Was sind kulturelle und nationale Interessen? Eine Antwort auf diese Frage zeigt den Grad auf, zu dem die menschliche Gesellschaft die Yoga Praxis braucht. Kultur ist hauptsächlich eine persönliche Sache, da die Gesellschaft oder die Nation nichts als eine Gruppe von Individuen ist, die durch ein gemeinsames Ziel verbunden sind. Was der Nation gut tut, kann nicht schlecht für das Individuum sein, noch kann, was wahrhaft gut für das Individuum ist, nationalem Interesse entgegen stehen; denn das GUTE ist eins, auch wenn Vorlieben und Abneigungen vielleicht vielfältig sind. Um dieses Gute zu erreichen, streben alle und müssen alle danach streben. Die Regierung ist der Hüter der Hauptinteressen der Nation, nicht nur der materiellen und intellektuellen, sondern auch der moralischen und spirituellen. In diesem Punkt ist Yoga im nationalen Leben eine große Unterstützung. Das sollten die Menschen fühlen. Und die Regierung sollte das fördern. Die Gnade Gottes ist mit uns.

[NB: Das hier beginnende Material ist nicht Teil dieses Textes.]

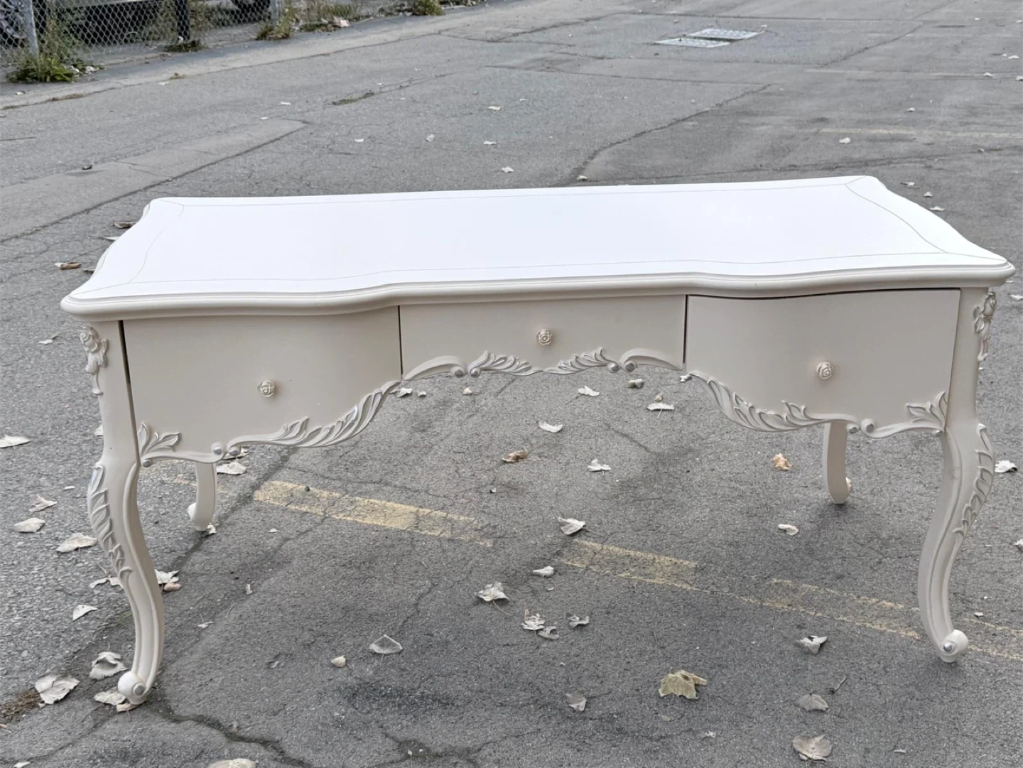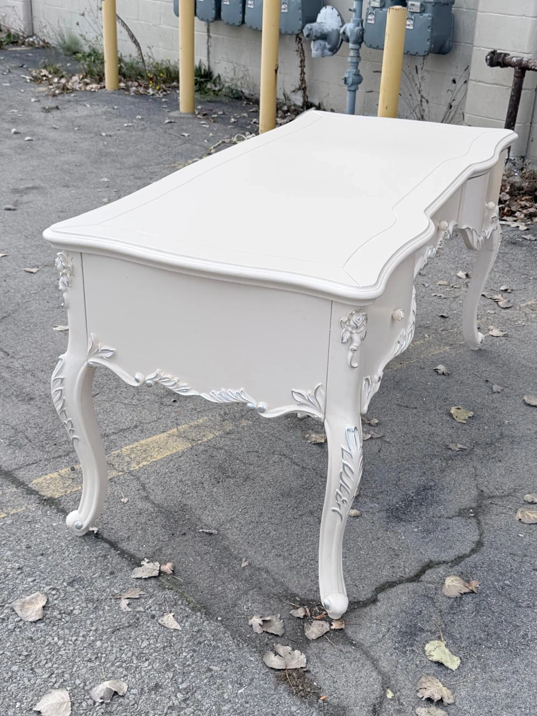 Selling a lovely antique-style desk. It features a creamy white finish and elegant floral carvings. The desk has three drawers with green felt lining, perfect for storage. It would make a beautiful addition to any room!

Was Yoga einzigartig macht ist, dass diese Methode auf alle Seiten der menschlichen Persönlichkeit wirkt. Einem einzelnen Aspekt des Yoga nachzugehen, ganz und richtig, bedeutet ebenso eine parallele Fortentwicklung in allen anderen Aspekten. Es sollte einem gelingen, den Anforderungen der individuellen Umstände nachzukommen, indem man sich der trans-empirischen Realität zuwendet, die der Individualität zugrunde liegt. Ein Yogi par excellence ist der, welcher, stets mit dem inneren ewigen Wesen vereint, als normale Person lebt und in der Welt zum Wohle aller arbeitet, Lokasangraha (Dienst an der Menschheit) tut, und die Unwissenden leitet ohne ihren Glauben zu verletzen. Es bedeutet, zu lernen, mit dem Universum freundlich umzugehen, und nicht zu versuchen, es zu erobern als ob es sich um einen Feind handelt. Das Relative sollte dem Absoluten entsprechen, obgleich das Relative in den Eigenschaften, die es manifestiert, anders ist als das Absolute. Gemeint ist höchster Gehorsam dem Gesetz gegenüber aus Liebe.

Ausgestattet mit dieser inneren Erleuchtung mag ein Schüler dem Pfad des Yoga in jedem denkbaren Beruf im Leben zu folgen trachten. Jede Tat wird dann notwendigerweise zu einem Ausdruck dafür, dem Virat (Gott) in allen Wesen zu dienen. Alle Handlungen werden durch die Liebe, die das Herz des Anhängers durchströmt, zu einer Geste der Verehrung Gottes. Jede Erscheinung im Universum, jedes Stück Erfahrung, jeder Bewusstheitszustand wird zu göttlicher Anbetung und zum Ausdruck des Unendlichen. Das Schöne hieran ist, dass man sich in jeder Phase des Lebens, selbst während der allerersten Schritte, auf das Unendliche einstimmt, mit der Kraft die einem auf diesem jeweiligen Niveau vergönnt ist. Die einzige Voraussetzung ist allerdings, dass man die niederen Gelüste, Eitelkeit und Einbildung durch und durch aufgibt. Kein Mensch, der an Täuschungen festhält und das Fleisch und den Mammon370 verehrt, kein Mensch, der nicht voller Ehrfurcht ist gegenüber dem Wunder der beseligenden Vision Gottes in Form der Schöpfung, kein Mensch, der glaubt, dass dies hier eines und jenes dort etwas anderes sei, kann hoffen, im Yoga erfolgreich zu sein. Für uns ist Yoga dieses Leben, das ein Jeder von uns leben muss, im Wissen, was dieses Leben ist, und wie es sich in Wirklichkeit zum Universum verhält.

Mit diesen bescheidenen Worten heißen wir das „Komitee zur Evaluierung von Yoga Praktiken“ herzlich willkommen.